It may be said that natural selection is daily and hourly scrutinising, throughout the world, every variation, even the slightest; rejecting that which is bad, preserving and adding up all that is good; silently and insensibly working, whenever and wherever opportunity offers, at the improvement of each organic being in relation to its organic and inorganic conditions of life. We see nothing of these slow changes in progress, until the hand of time has marked the long lapse of ages, and then so imperfect is our view into long past geological ages, that we only see that the forms of life are now different from what they formerly were.”  – Charles Darwin, 1859.

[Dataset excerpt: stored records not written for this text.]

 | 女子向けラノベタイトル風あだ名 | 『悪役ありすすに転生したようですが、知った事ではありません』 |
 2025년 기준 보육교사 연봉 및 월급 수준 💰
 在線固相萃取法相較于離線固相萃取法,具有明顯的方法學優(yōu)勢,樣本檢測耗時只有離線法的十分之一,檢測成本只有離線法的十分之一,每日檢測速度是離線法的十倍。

In this one quote, Darwin captures what might be considered evolution’s dual-scales problem.  On the one hand, we are reminded that the processes that drive evolution, such as natural selection, are operating all the time, and yet at the same time we are told the outcomes of those processes require geological time scales to become evident.  In many ways, connecting these two time scales in a vivid fashion was one of Darwin’s greatest contributions, but the perception that evolution is vanishingly slow turns out to be vastly overstated.

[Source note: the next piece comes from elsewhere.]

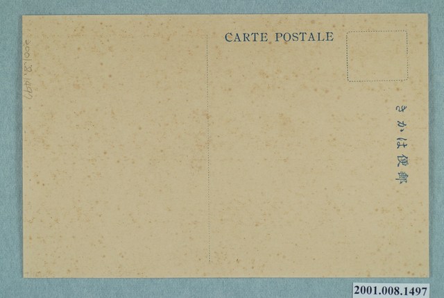 2. 明信片正面上方印有2個藍紫色戳記,左側為櫻花形日月潭山水圖,戳記內文字:「臺灣 水社 日月潭」;右側為邵族擊杵圖形,戳記內文字:「日月潭遊覽記念」;底邊藍色印刷文字:「(臺灣八景) 日月潭畔蕃家ノ杵聲 臼井寫真館發行」右下角另有「臺灣所見」四字。背面印刷藍色文字:「郵便はかき,CARTE POSTALE」,其餘空白。
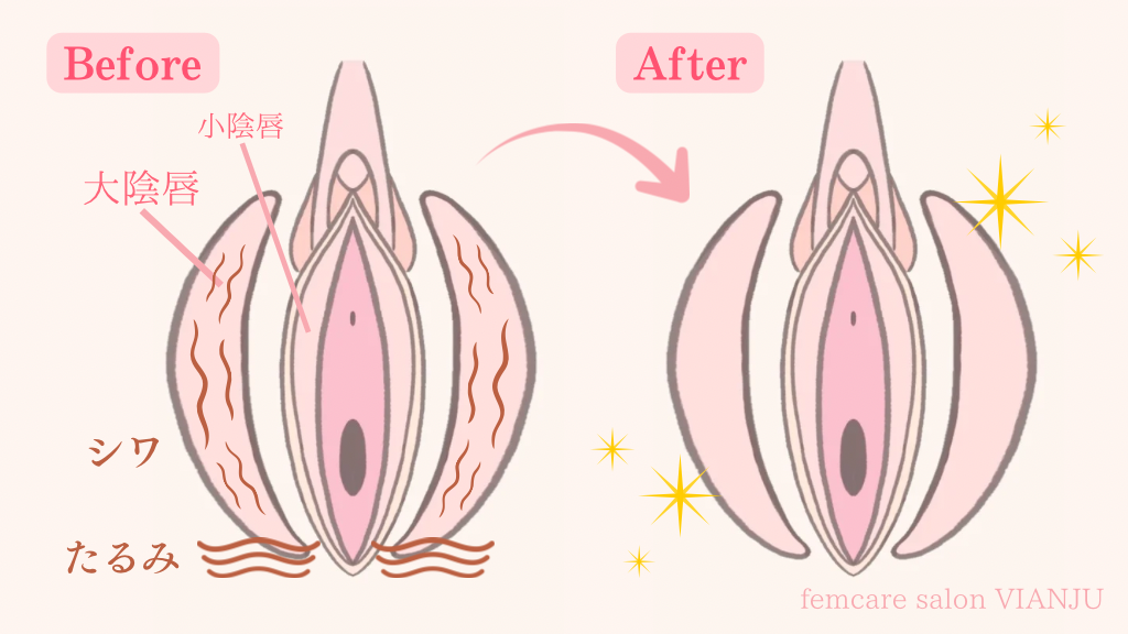 →超音波エネルギーを大陰唇の真皮・皮下組織層へ届けることにより、見える地帯のシワは薄く、たるみはキュッと引き上がり、見た目もスッキリとして綺麗になります。

Good examples of evolution occurring over humanly observable time spans began to appear, at least anecdotally, in the scientific literature as early as the late 1800s (e.g., industrial melanism in peppered moths). Throughout the 20th century dozens of other examples of such observable evolution were recognized and heralded as important exceptions that proved evolution’s rules.  These examples were almost always labelled ‘rapid evolution’, under the presumption that any evolution that is observable must be exceptionally fast.  However, by estimating and comparing rates from many studies, my colleague Andrew Hendry I showed that high rates of contemporary evolution are not really all that unusual.  Indeed, they are the expectation where selection and other evolutionary processes are variable year-to-year and generation-to-generation.  The slower rates measured over longer periods of time are due to temporal averaging of often substantial, but variable, short-term rates.

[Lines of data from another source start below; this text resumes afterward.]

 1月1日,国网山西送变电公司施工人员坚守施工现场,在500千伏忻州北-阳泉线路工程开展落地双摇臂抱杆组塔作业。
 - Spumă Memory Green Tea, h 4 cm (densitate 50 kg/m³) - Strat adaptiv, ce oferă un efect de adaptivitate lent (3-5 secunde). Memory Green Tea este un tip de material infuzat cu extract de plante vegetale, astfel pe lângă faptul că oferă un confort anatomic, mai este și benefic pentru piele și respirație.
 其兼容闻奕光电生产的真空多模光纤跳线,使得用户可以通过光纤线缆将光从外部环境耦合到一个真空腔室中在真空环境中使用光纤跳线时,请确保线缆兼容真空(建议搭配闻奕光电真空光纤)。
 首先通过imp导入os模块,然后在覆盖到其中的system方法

It might not seem a major leap, but recasting our perceptions of contemporary evolution from creeping slow, to frequently fast but chaotic, provides some impetus to reconsider evolution’s interactions with ecology.  Certainly, it is hard to look at a detailed time series of variable trait change in nature and not suspect that dynamic ecological processes are at play shaping selectio.  But the dynamic nature of contemporary evolution also raises the interesting opposite prospect, that we shouldn’t be too quick to dismiss contemporary evolution’s reciprocal role back on ecology.  Although these reciprocal effects of evolution on ecology have attracted sporadic attention for decades, we are now in the midst of what some claim is the next great synthesis in ecology and evolution (Schoener 2011).  My colleague Nelson Hairston Jr. and I referred to these reciprocal interactions of evolution and ecology as ‘eco-evolutionary dynamics’ in a 2007 paper, and the name caught on.  The field has grown quite dramatically in the following decade and I encourage you to read Schoener’s Oxford Bibliography for a broader review of its development.   The first book on ‘eco-evolutionary dynamics’ (by Andrew Hendry) is due out soon. Some recent and current projects on contemporary evolution and eco-evolutionary dynamics:

  1. Cryptic eco-evolutionary dynamics: A review of ‘cryptic eco-evolutionary dynamics’ with Nelson Hairston Jr. and Andrew Hendry that basically makes the case for how easy it can be to overlook such dynamics in nature and identifies the types of processes that can conceal the various links in an eco-evolutionary feedback.
  2. Eco-evolutionary trophic cascades: A collaborative NSF funded project on the potential role that evolution plays in determining the strength of trophic cascades in aquatic ecosystems.  This work is being conducted using mosquitofish and in collaboration Dr. Eric Palkovacs.
  3. Plastic and transgenerational trait dynamics in mosquitofish: You can’t really study contemporary evolution or its contributions to ecology with simultaneously recognizing other processes shaping phenotypes within and among generations.  Heather Arnett’s dissertation tackles these other sources of ecologically-relevant trait variation.
 

Anthropogenic and Managed Evolution

Humans have been called ‘the world’s greatest evolutionary force’ (Palumbi 2001).  Although evolution doesn’t work via ‘forces’ per se (i.e., akin to physics), and one could argue whether other agents of selection are equal or greater (e.g., gravity), this perspective is probably pretty apt when it comes to encompassing the sheer scope of human effects on evolution in our modern world.  Most work in this area, has focused on anthropogenic evolution in medical and agricultural settings.  No doubt, the costs of human-induced evolution in those contexts, in terms of both money and human suffering, are immense.  Not surprisingly, evolution in medical and agricultural systems is now heavily managed.  It is not perfectly managed, but many practices and policies are in place for the express purpose of slowing unwanted evolution. The current state of affairs is quite different when we move beyond these completely anthropocentric contexts. 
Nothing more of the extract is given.